The 80-page report, written by the Fusion Energy Sciences Advisory Committee over the course of two years, urges the US government to act decisively lest the country lag behind in fusion energy research and development in the coming decades.
“That (target date) is a line-in-the-sand type of thing,” Wayne Solomon, who served as a committee co-chair, said.
Commercial fusion reactors do not currently exist and fusion power has only been achieved for seconds at a time in the laboratory, with the old adage repeated among the nuclear research community that fusion power is “always 30 years away,” still ringing true.

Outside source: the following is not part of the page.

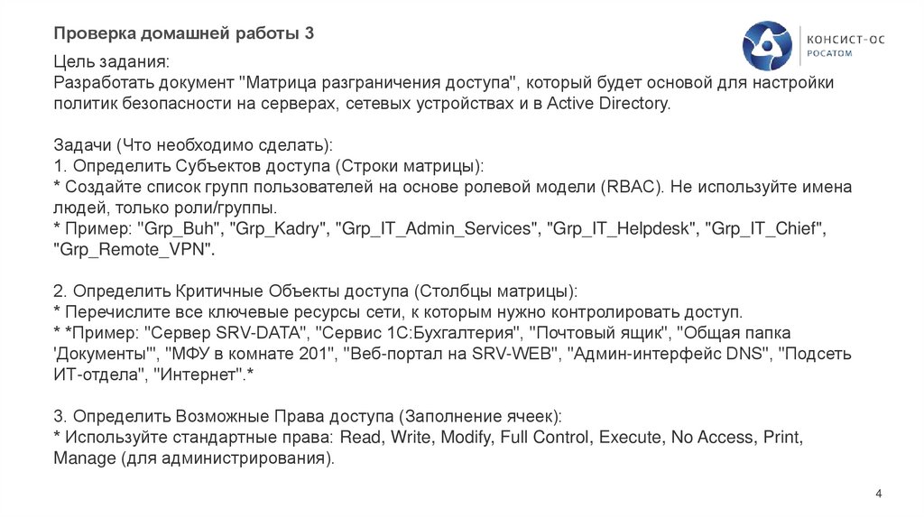 * Создайте список групп пользователей на основе ролевой модели (RBAC). Не используйте имена

The most promising nuclear fusion research remains the International Thermonuclear Experimental Reactor (ITER) project, a multi-billion dollar international project under construction in France, of which the US is a partner. ITER is expected to enter operation in December 2025.

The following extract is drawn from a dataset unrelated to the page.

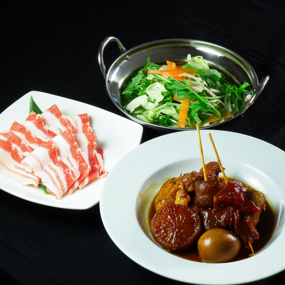 独自のダシに鹿児島の甘めの味噌で煮込んだ味噌おでん、大隅の南州農場で元気に育ったかごしま黒豚・黒牛の3種類の出汁しゃぶしゃぶ、屋久島から直送の飛魚の姿揚げ・さつま揚げなど鹿児島の食の美味しさを堪能できる元気な屋台。

In December 2020, China successfully powered up its own experimental HL-2M Tokamak research reactor, which has been dubbed an “artificial sun,” which can fuse hot plasma and reach temperatures of over 150 million degrees Celsius.

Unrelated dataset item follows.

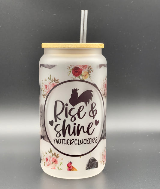 Rise & Shine Mothercluckers 16 oz. Frosted Glass Can, Tumbler

The research reactor is part of China’s participation in the ITER project.
However, ITER will not capture the energy it produces as electricity and will serve more as a proof of concept than a viable replacement for current energy generation capacity.
Fusion power, which emulates the processes taking place in stars like our sun, causes hydrogen nuclei to collide and fuse into helium atoms, releasing incredible amounts of energy. It differs vastly from fission energy (commonplace around the world) in a number of key ways.
Nuclear fission involves splitting the nuclei of atoms to produce energy and is the only commercially available source of nuclear power in the world but suffers from numerous drawbacks, including a lengthy approval and construction process as well as the production of radioactive waste which is extremely difficult and dangerous to dispose of. There is also the significant risk of nuclear meltdown.
However, in nuclear fusion, the half-life of the nuclear material is lower than ten years, making it far less of a headache to manage, once scientists can achieve controlled and stable fusion reactions that is.
Fusion energy would also assuage any fears of repeats of nuclear disasters like Fukushima or Chernobyl as the fusion process can be stopped within seconds, largely eliminating the risk of meltdown.
While the report warned the US risks falling behind other countries in fusion research, it did not provide an estimated cost for the fusion pilot plant nor did it suggest possible sites for such a facility.
“…Given that the new [Biden] administration has indicated an interest in addressing climate change and the like, I would hope and expect that this should receive continued support,” Solomon said.